I wish to calculate the standard deviation from a range of files titled "res_NUMBER.cs" which are formatted as a CSV. Example data includes
1,M,CA,54.9130
1,M,CA,54.9531
1,M,CA,54.8845
1,M,CA,54.7517
1,M,CA,54.8425
1,M,CA,55.2648
1,M,CA,55.0876
I have calculated the mean using
#!/bin/bash
files=`ls res*.cs`
for f in $files; do
echo "$f"
echo " "
#Count number of lines N
lines=`cat $f | wc -l`
#Sum Total
sum=`cat $f | awk -F "," '{print $4}' | paste -sd+ | bc`
#Mean
mean=`echo "scale=5 ; $sum / $lines" | bc`
echo "$mean"
echo " "
I would like to calculate the standard deviation across each file. I understand that the standard deviation formula is
S.D=sqrt((1/N)*(sum of (value - mean)^2))

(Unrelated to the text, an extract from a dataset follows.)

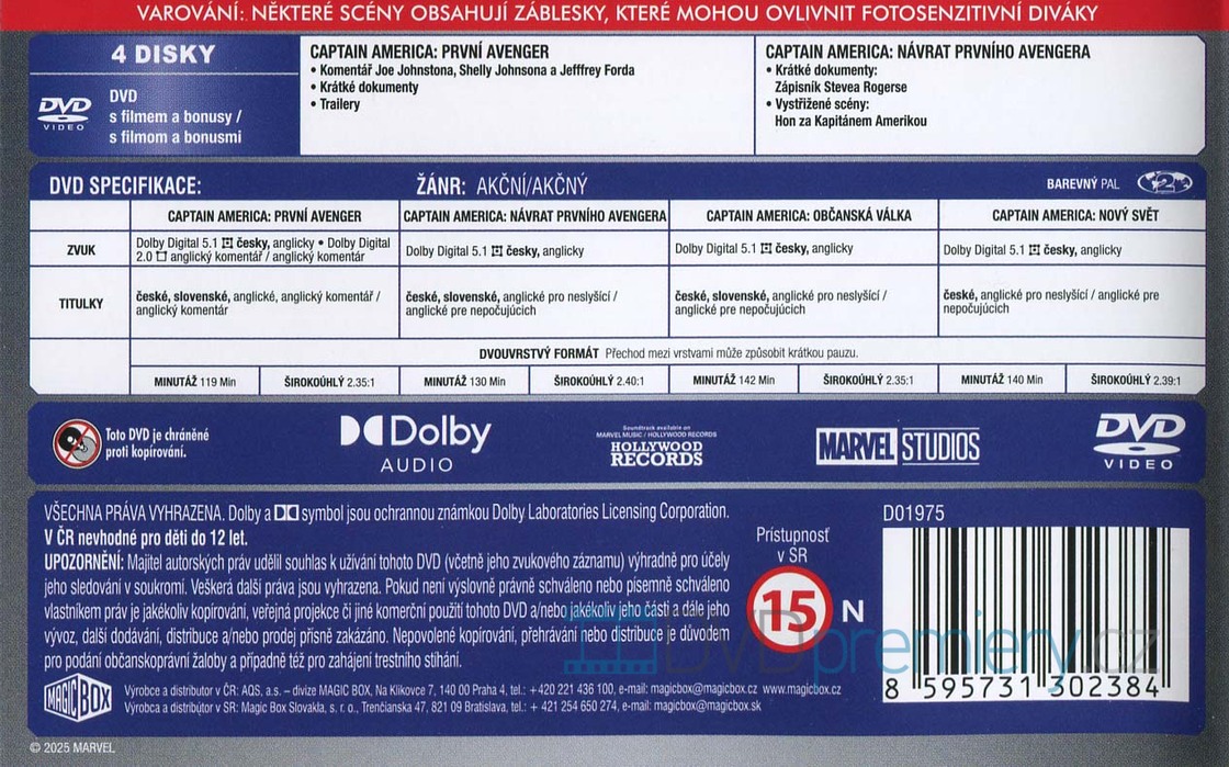 DVD kolekce obsahuje filmy: Captain America: První Avenger, Captain America: Návrat prvního Avengera, Captain America: Občanská válka, Captain America: Nový svět. CZ dabing.
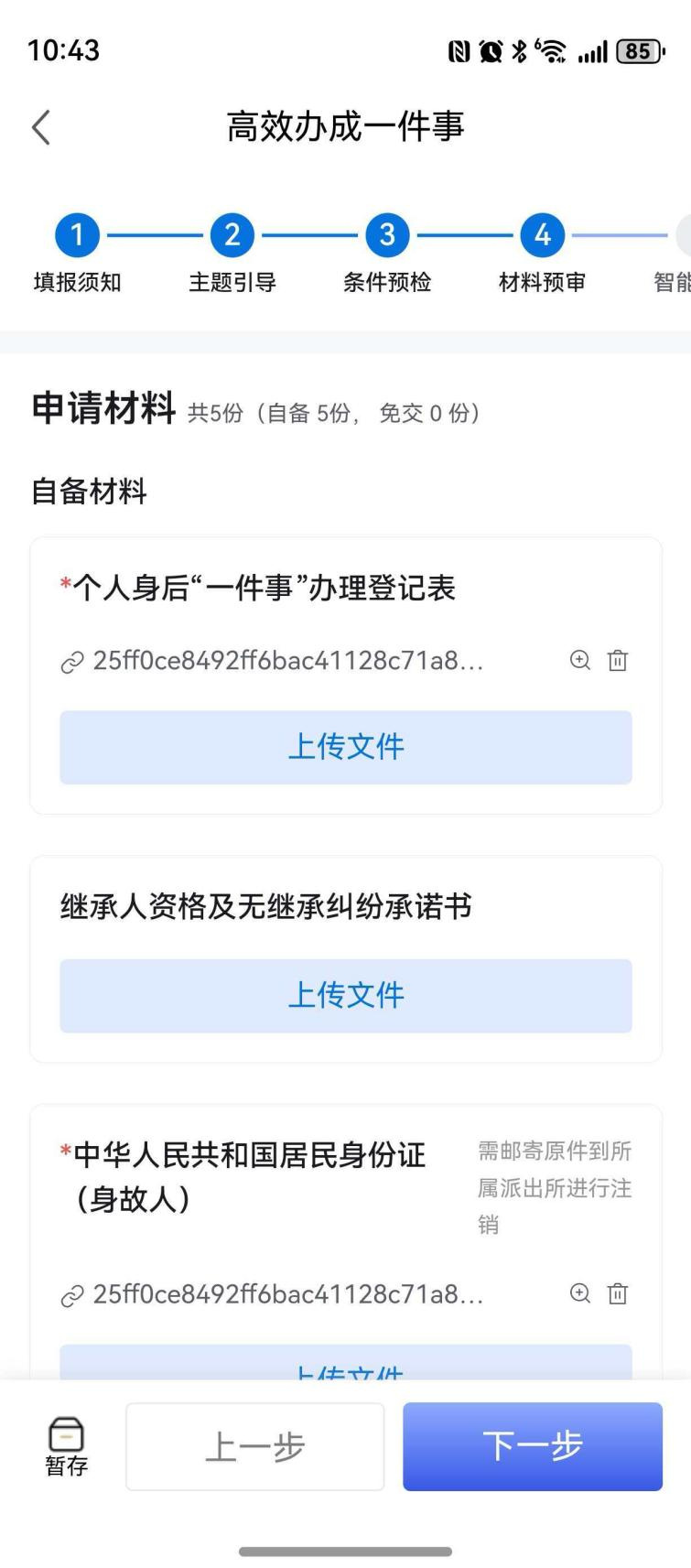 图:鄂汇办APP个人身后“一件事”材料上传页面

But I am unsure how I would implement this into my script.
awk
is powerful enough to calculate the mean of one file easily
$ awk -F, '{sum+=$4} END{print sum/NR}' file
to add standard deviation (not that your formula is for population, not for sample, that's what I replicate here)
$ awk -F, '{sum+=$4; ss+=$4^2} END{print m=sum/NR,sqrt(ss/NR-m^2)}' file
54.9567 0.15778
this uses the fact that stddev = sqrt(Var(x)) = sqrt( E(x^2) - E(x)^2 ) which has worse numerical accuracy (since squaring the values instead of diff) but works fine if your values have low bounds.
The simplest is then using this in a for loop for the files
for f in res*.cs
do
awk -F, '{sum+=$4; ss+=$4^2}
END {print FILENAME;
print "mean:", m=sum/NR, "stddev:", sqrt(ss/NR-m^2)}' "$f"
end
to run res1.cs .. res37.cs in that order, easiest is change the for loop
for f in res{1..37}.cs
# the rest of the code not changed.
which will expand in the numerical order specified.